“Everything should be as simple as it can be, but not simpler” apocryphal quote attributed to Einstein.
“Among competing hypotheses, the one with the fewest assumptions should be selected.” Occam’s Razor.
We have all heard variations of the above quotes. I always strive to make my solutions as simple as possible so a non-technical audience can digest the findings. The following example is based (loosely!) on a real life analysis.
Choc Bars Inc (CBI) produces high end chocolate bars for a small but loyal customer base. CBI prides itself on producing top quality chocolate but like any company, it wishes to keep production costs low. The new CFO Mr McMoney believes that there are substantial economies of scale if each machine produces as many bars as possible. The engineers are skeptical that trying to get too much out of the machines could lead to higher maintenance costs. The company founder, Madame Chocolat, does not wholly disagree but she is more concerned that choco bar quality remains high.
I collected data from 100 CBI machines and surveyed customers too. I plotted cost against production to see if McMoney’s economies of scale theory played out in practice. I also layered on the customer survey data so Mme Chocolat could see if customers were satisfied with the choco bar quality.
There are clear opportunities for savings if production can be increased in some machines but there are diminishing returns apparent too once production increases beyond about 70ish bars per day. In this case all parties agreed that production could be increased in some machines without affecting product quality too much. Mme Chocolat also noted that machines producing the most bars per day led to lower quality products.
There was a board meeting coming up at the end of the quarter. McMoney wanted to present projected savings but there was some concern that board members are unfamiliar with loess models and this may distract from the findings. A loess model is basically a locally weighted regression model and this gif gives a wonderful visual explanation. To allay concerns, I built a tool with the same data which allowed the user to adjust where they felt the optimum point was and simple linear models were fit either side of the selected optimum.
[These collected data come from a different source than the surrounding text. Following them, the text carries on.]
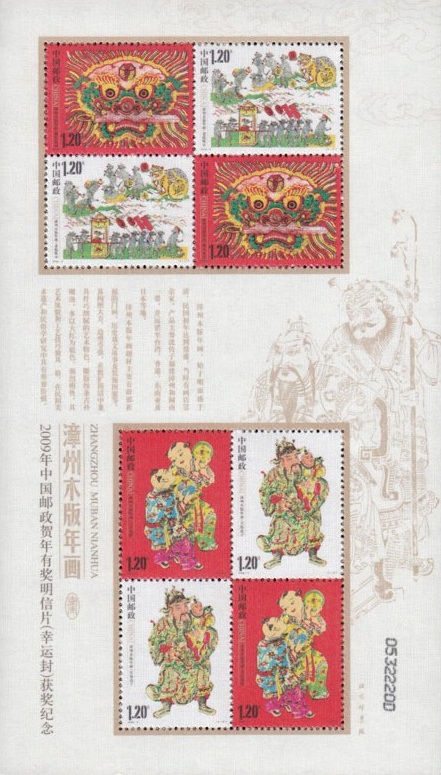 漳州木版年画作为非物质文化遗产资源,以“颜氏”木版年画为代表,是中国木版年画的一颗璀璨明珠。为进一步弘扬和宣传中华民族传统民间艺术,扩大漳州木版年画的影响,中国邮政集团公司特发行了由著名邮票设计
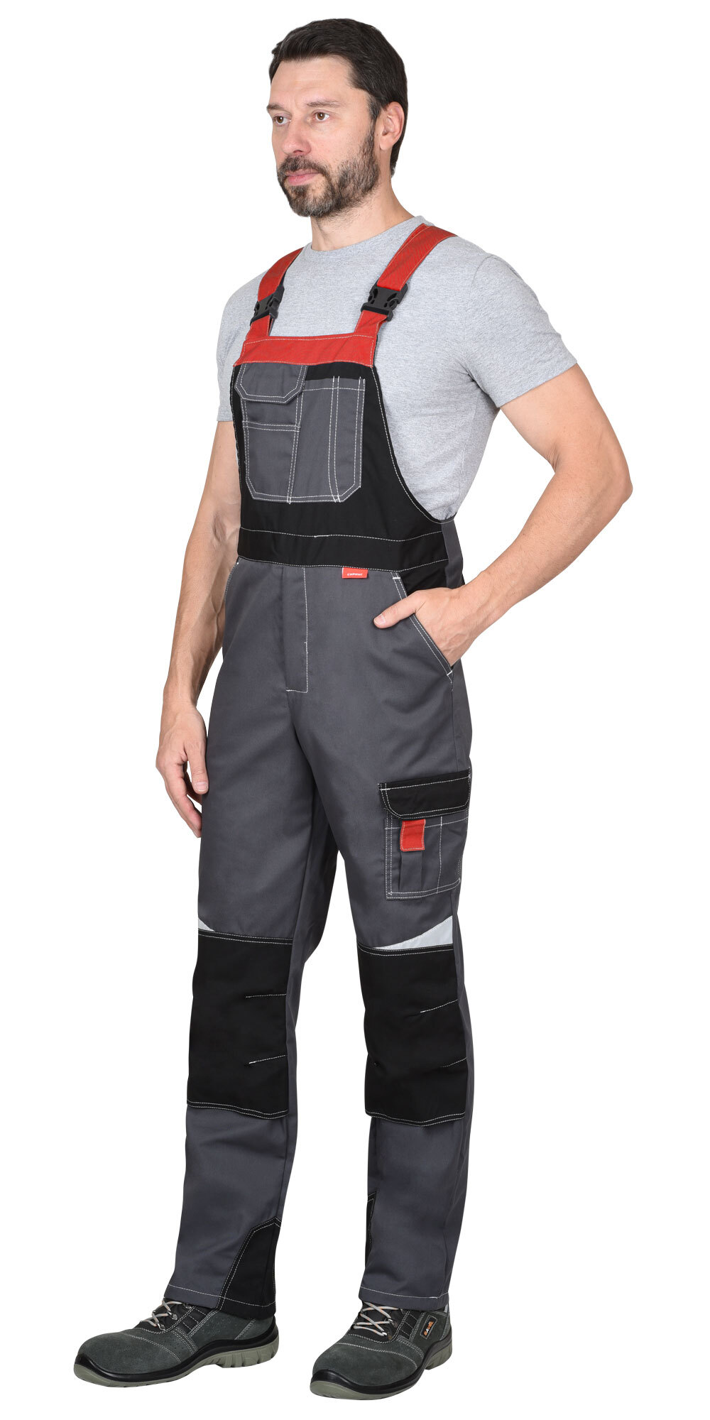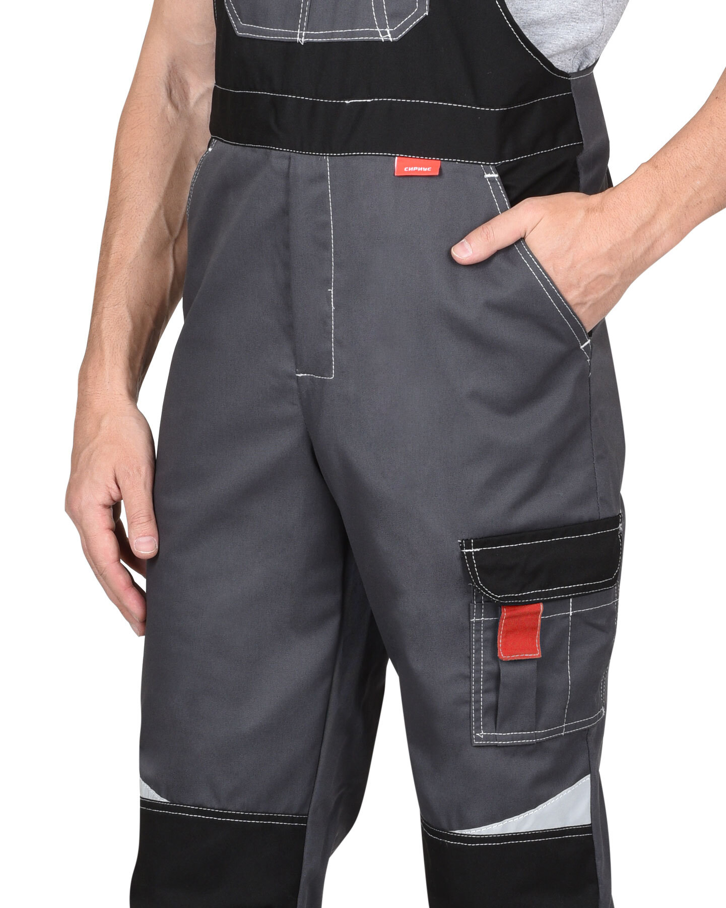 Полукомбинезон с застёжкой гульфика на молнию и застёжкой в боковом шве на пуговицы; с различными многофункциональными карманами; с объемными наколенниками. СОП-50 мм. ГОСТ 12.4.280-2014
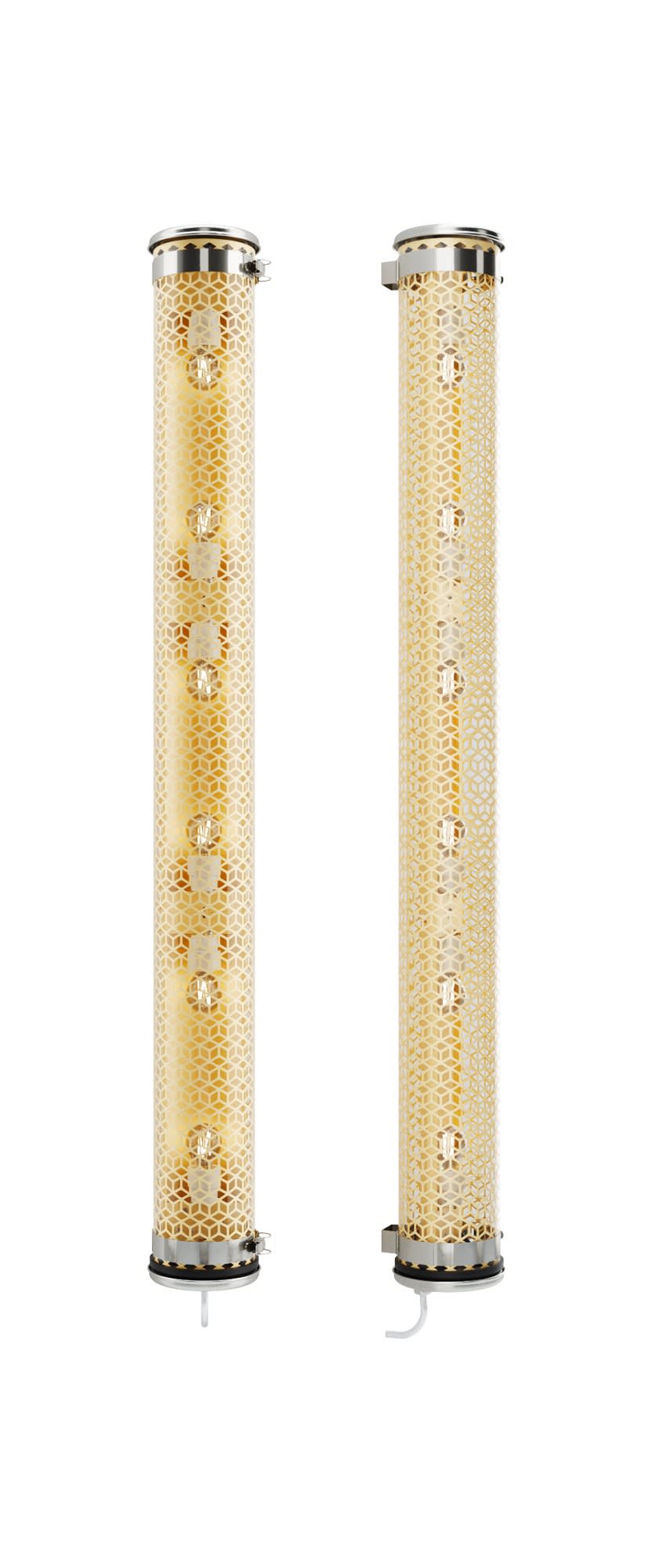 Luminaire tubulaire VENDOME avec grille à perforations nid d'abeille et flasques anodisées laiton 6 lampes filament LED E27 4W satinées dimmables 2700K IRC 80 1000lm 24W 5 ans 650°C Classe I 220-240V 50/60Hz
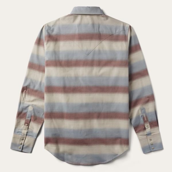 This Western-style shirt features our exclusive Ombre Stripe print and has a trim, modern fit. Authentic details include a one-point, ultra-deep back yoke, two front pockets, with one-point pocket flaps and three-snap cuffs. Subtly embossed Stetson logos on the chest pocket and sleeve placket along with striking interior paisley contrast trim add further style. Made from a sturdy 100% brushed twill cotton that hangs well while keeping its shape and only gets better with age.

The interactive tool gave the decision makers greater control and allowed them to interact with the data. McMoney had a rough rule-of-thumb for savings projections. Mme Chocolat pushed for a lower production target of 68 bars per day for each machine – beyond that point, quality is reduced. Of course this is a dummy example but it is inspired by a real life scenario. For example the data could be teaching costs, student/teacher ratio and student satisfaction – the numbers would change but the principle would be the same.